7. Required artifacts
| Artifact | Why it matters |
|---|---|
| Dialect reference | Makes operations, types, attributes, and invariants inspectable |
| Pipeline diagram | Shows how abstraction is progressively lowered |
| Before/after IR snapshots | Lets reviewers audit transformations |
| Verifier tests | Proves invalid programs fail early |
| Rewrite tests | Proves canonicalization is deterministic |
| Toolchain lock | Prevents LLVM version drift from making the project unreproducible |
| Upgrade note | Explains what changed when MLIR APIs moved |
8. Common failure modes
- Starting with GPU lowering. Build a CPU/textual pipeline first; GPU makes every mistake harder.
- No verifier. Invalid IR should fail at the dialect boundary.
- Too many operations. Four well-tested ops beat twenty shallow ones.
- Only screenshot evidence. Compiler infrastructure needs commands and FileCheck tests.
- Version drift. MLIR changes quickly; pin versions and record exact commits.
- Confusing MLIR with LLVM IR. MLIR's value is multiple abstraction levels, not just another syntax for low-level code.
9. Portfolio framing
This should be framed as compiler infrastructure, not as a toy language alone.
Publish dialect reference, pipeline diagram, pass and rewrite tests, before/after IR examples, setup/version pinning, and upgrade notes if the LLVM version changes.

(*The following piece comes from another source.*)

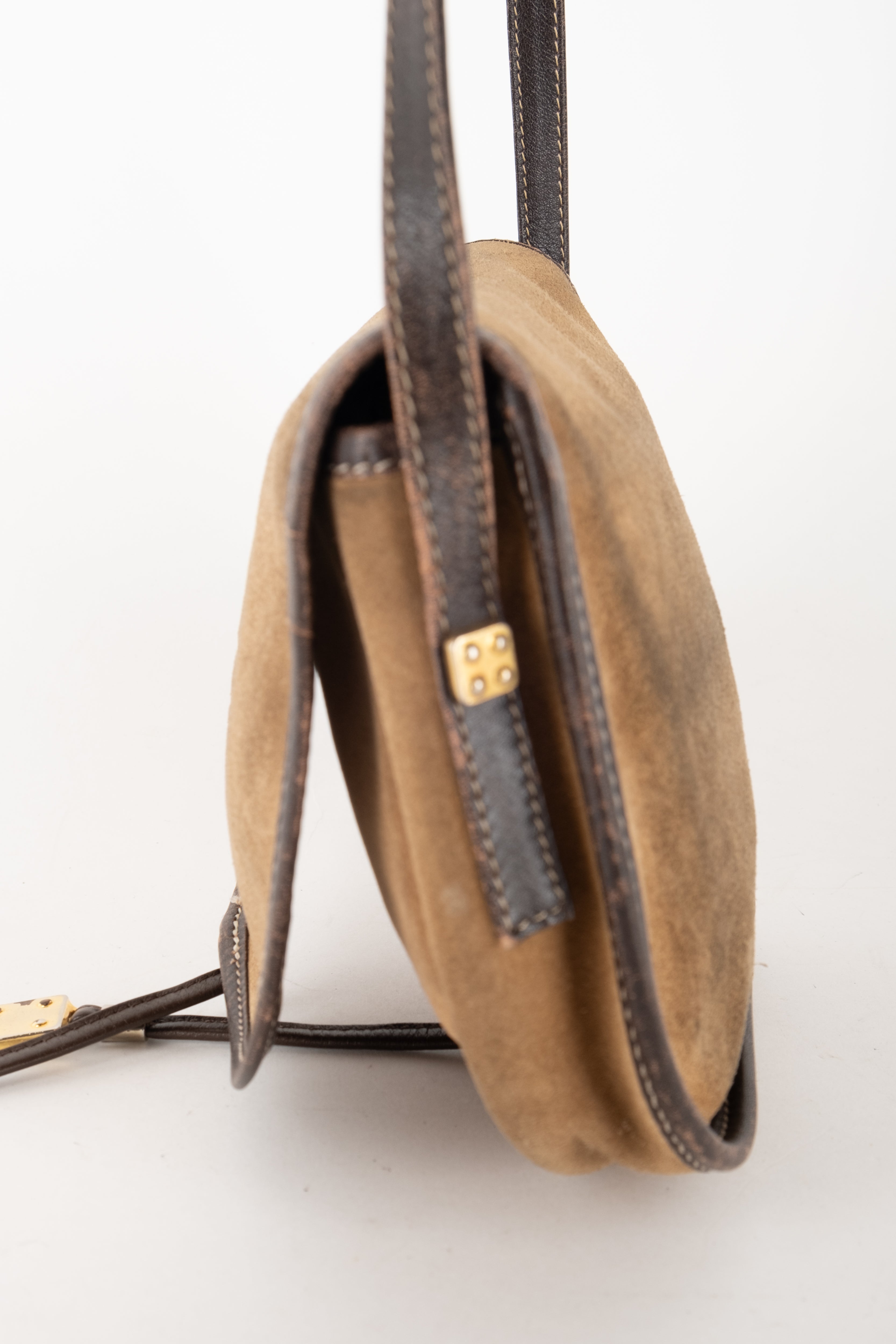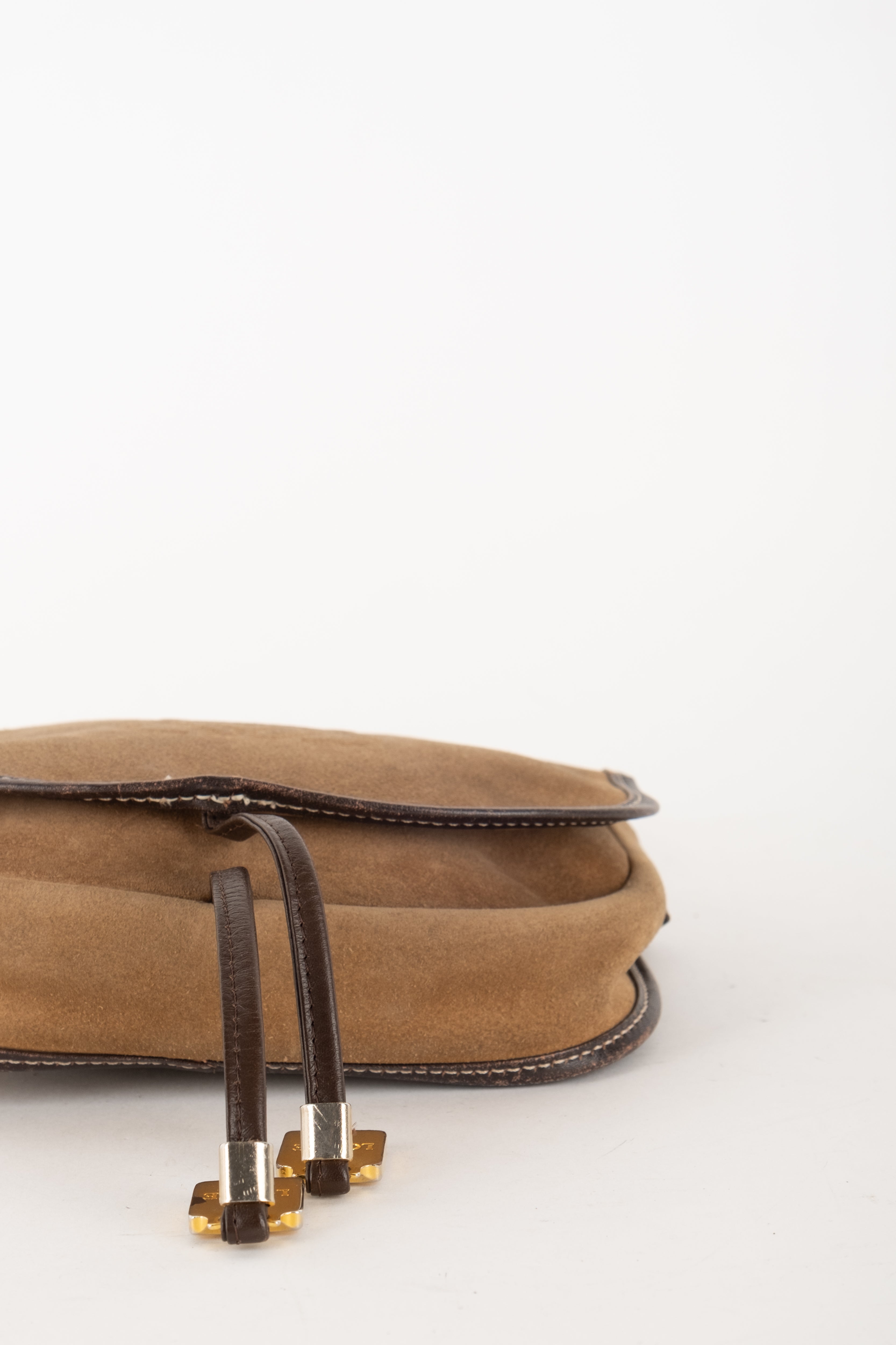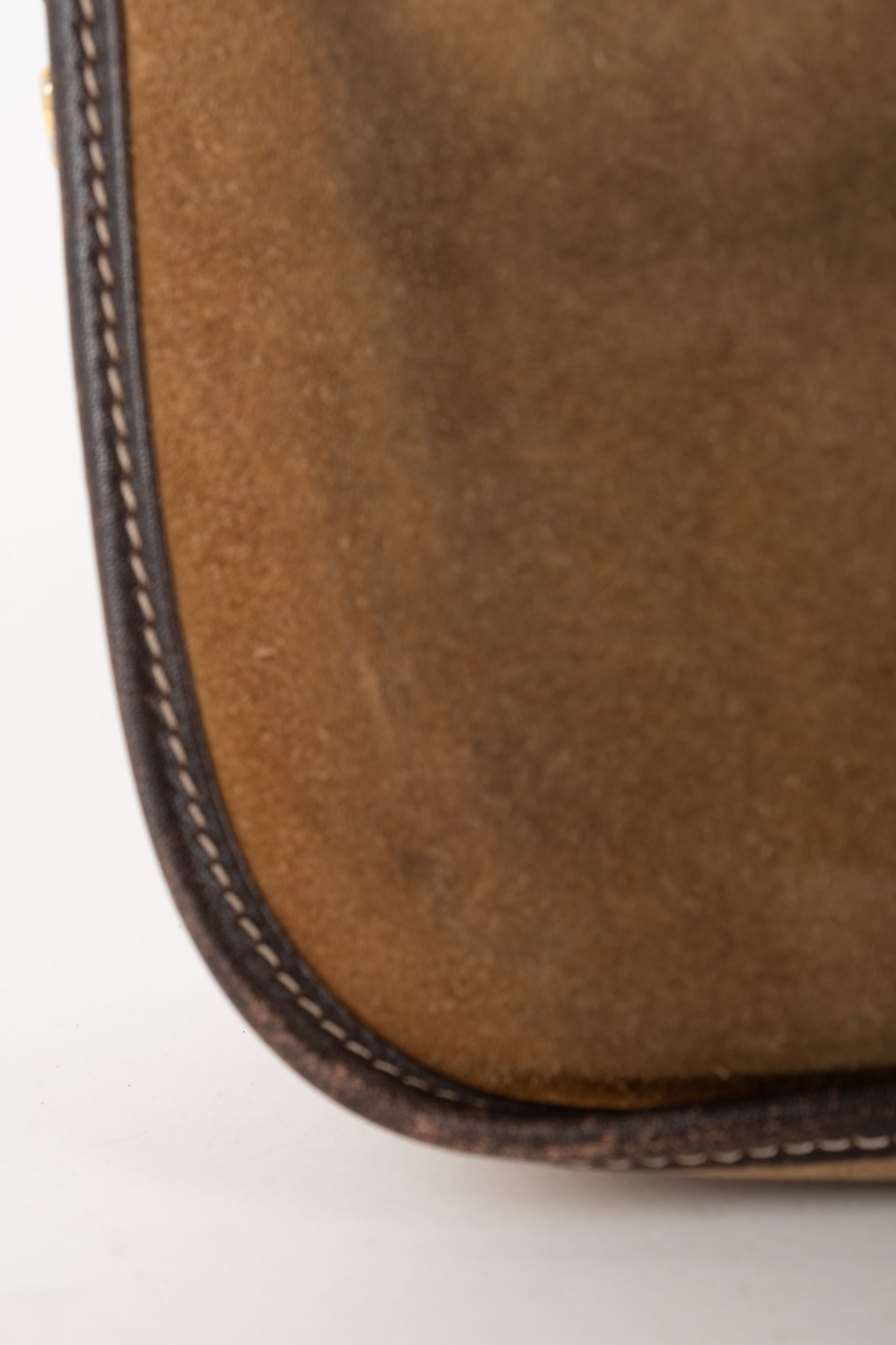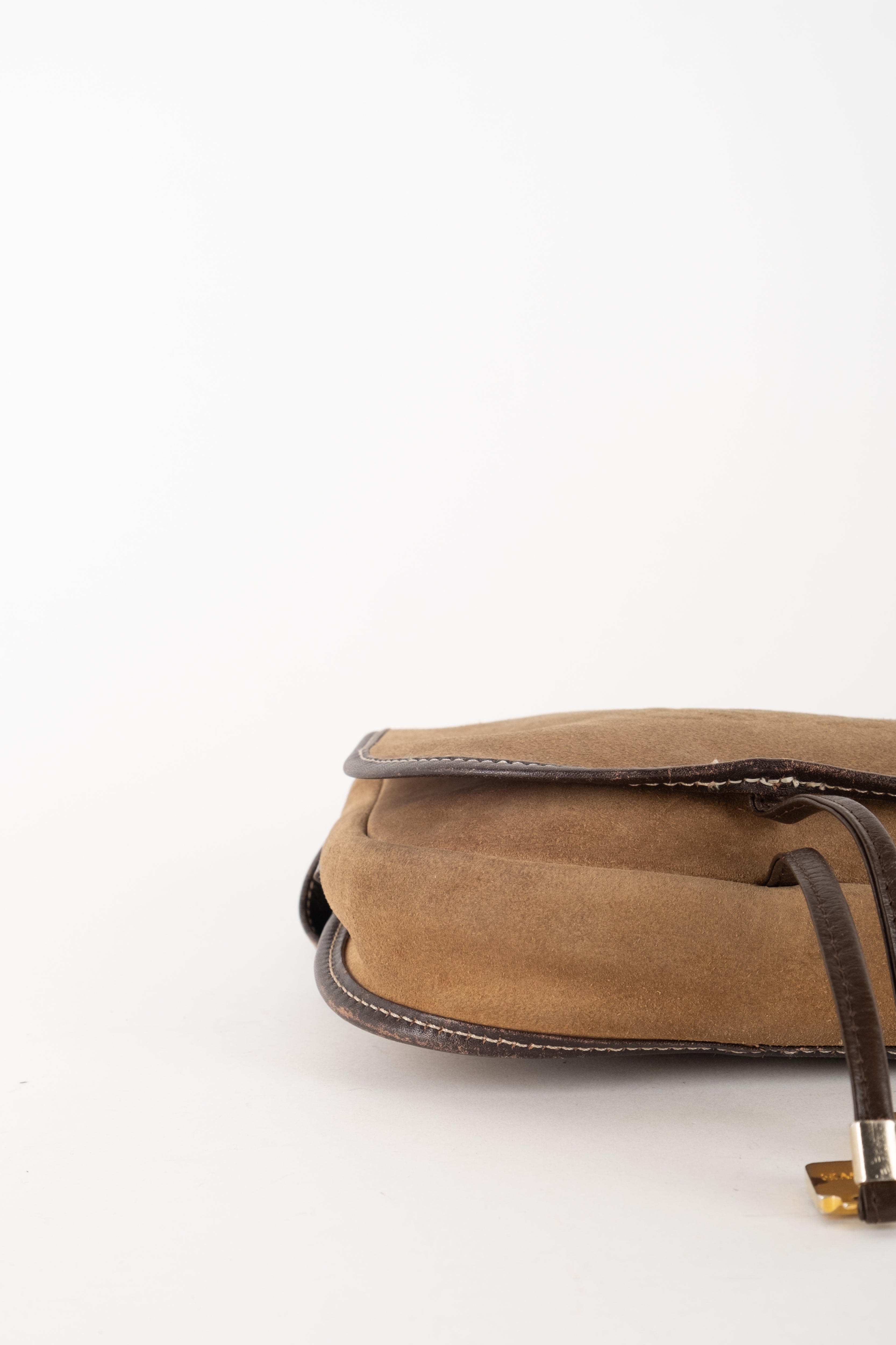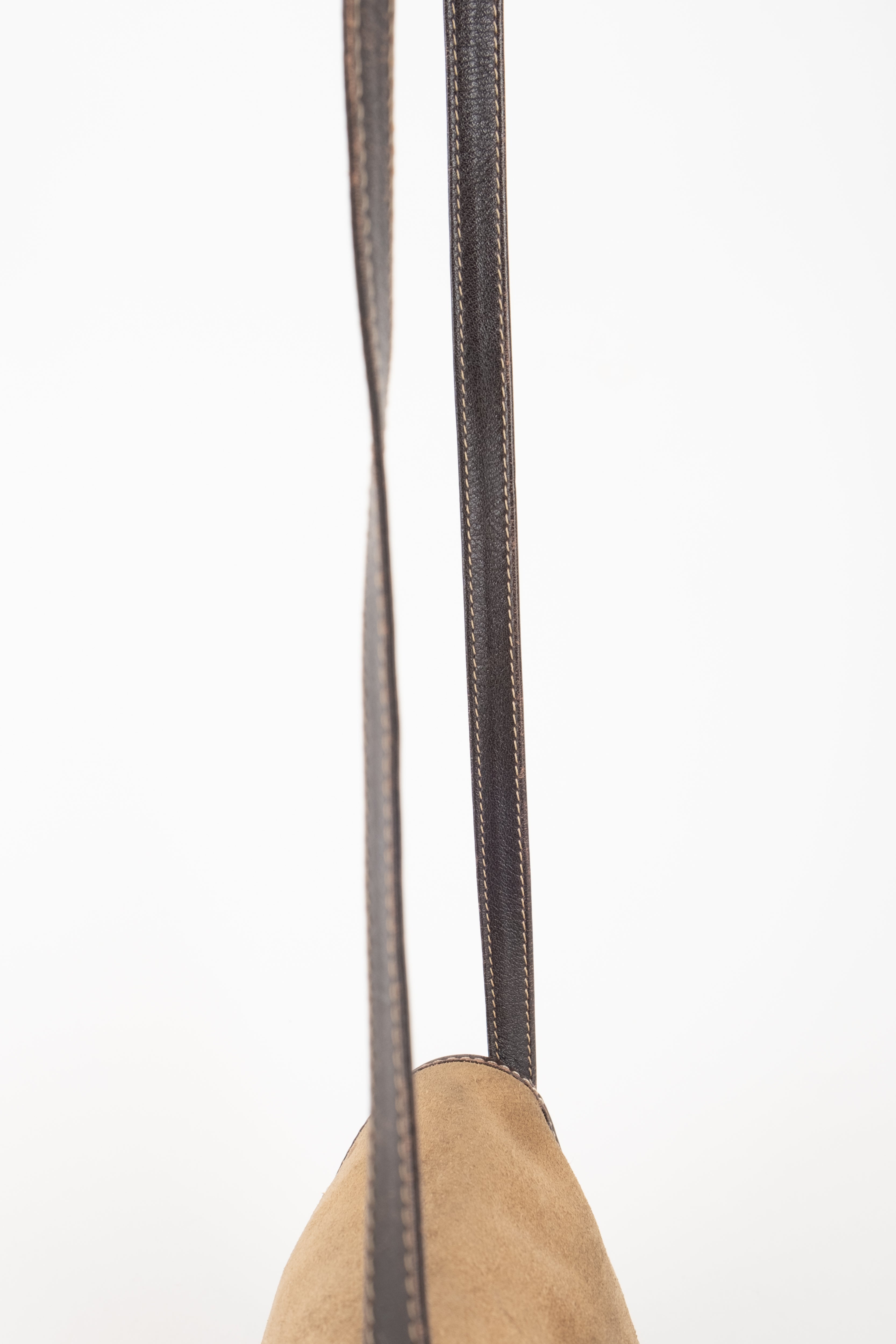 התיק עשוי זמש בגוון חום־בהיר, עם רצועת כתף ארוכה ומתכווננת לנשיאה באלכסון או על הכתף. סגירת דש קדמית עם אלמנט עור וחלק מתכתי קטן בתחתית, מבנה קומפקטי אך פרקטי, ותא פנימי המתאים לנשיאת פריטים חיוניים. עיצוב רך, נעים ומאוזן שמשדר שקט יוקרתי.

Reviewer entry point: README -> dialect definition -> pass pipeline -> FileCheck tests -> end-to-end sample.
10. Deep project spec
Project contract
Build a small MLIR pipeline for a tiny tensor or arithmetic language. The project must define the source language or builder input, custom dialect scope, operations/types, verifier rules, pass pipeline, lowering targets, test strategy, and pinned LLVM/MLIR version. It is acceptable to stop at textual MLIR plus lowering to standard dialects if the pipeline is clear and testable.
Source-backed reading map
| Source ID | Use for | Required output |
|---|---|---|
build-your-own/mlir-oren-davis | MLIR concepts, dialects, operations, passes, lowering, bufferization, AI/compiler pipelines | pinned toolchain, dialect spec, pass tests |
Milestone map
| Milestone | Deliverable | Tests | Failure case |
|---|---|---|---|
| Toolchain | pinned build/devcontainer | mlir-opt smoke test | version mismatch note |
| Input language | parser or builder | input-to-MLIR fixture | invalid input rejected |
| Dialect | ops, types, parser/printer | round-trip textual MLIR | verifier catches bad op |
| Rewrite pass | canonicalization/lowering | FileCheck fixtures | illegal rewrite rejected |
| Lowering | path to standard/LLVM dialect | pipeline golden output | unsupported op remains visible |
| Execution/demo | interpreter/JIT/translated output if feasible | end-to-end smoke test | unsupported backend documented |
Test matrix
| Test type | Required examples |
|---|---|
| Golden | textual MLIR before/after each pass |
| Verifier | invalid ops fail with helpful diagnostics |
| Pass | mlir-opt plus FileCheck fixtures |
| Pipeline | one command runs all passes in order |
| Reproducibility | exact LLVM/MLIR commit or release pinned |
Design notes required
dialect.md: operations, types, attributes, regions, invariants.pipeline.md: pass order and why each abstraction level exists.toolchain.md: pinned version, build command, known API drift.
Portfolio evidence
Publish the dialect spec, MLIR before/after examples, pass tests, pinned setup, and a short explanation of why MLIR was useful compared with direct LLVM IR.
Source
This project is based on the local MASTERING MLIR chunks and belongs after the basic interpreter/compiler projects.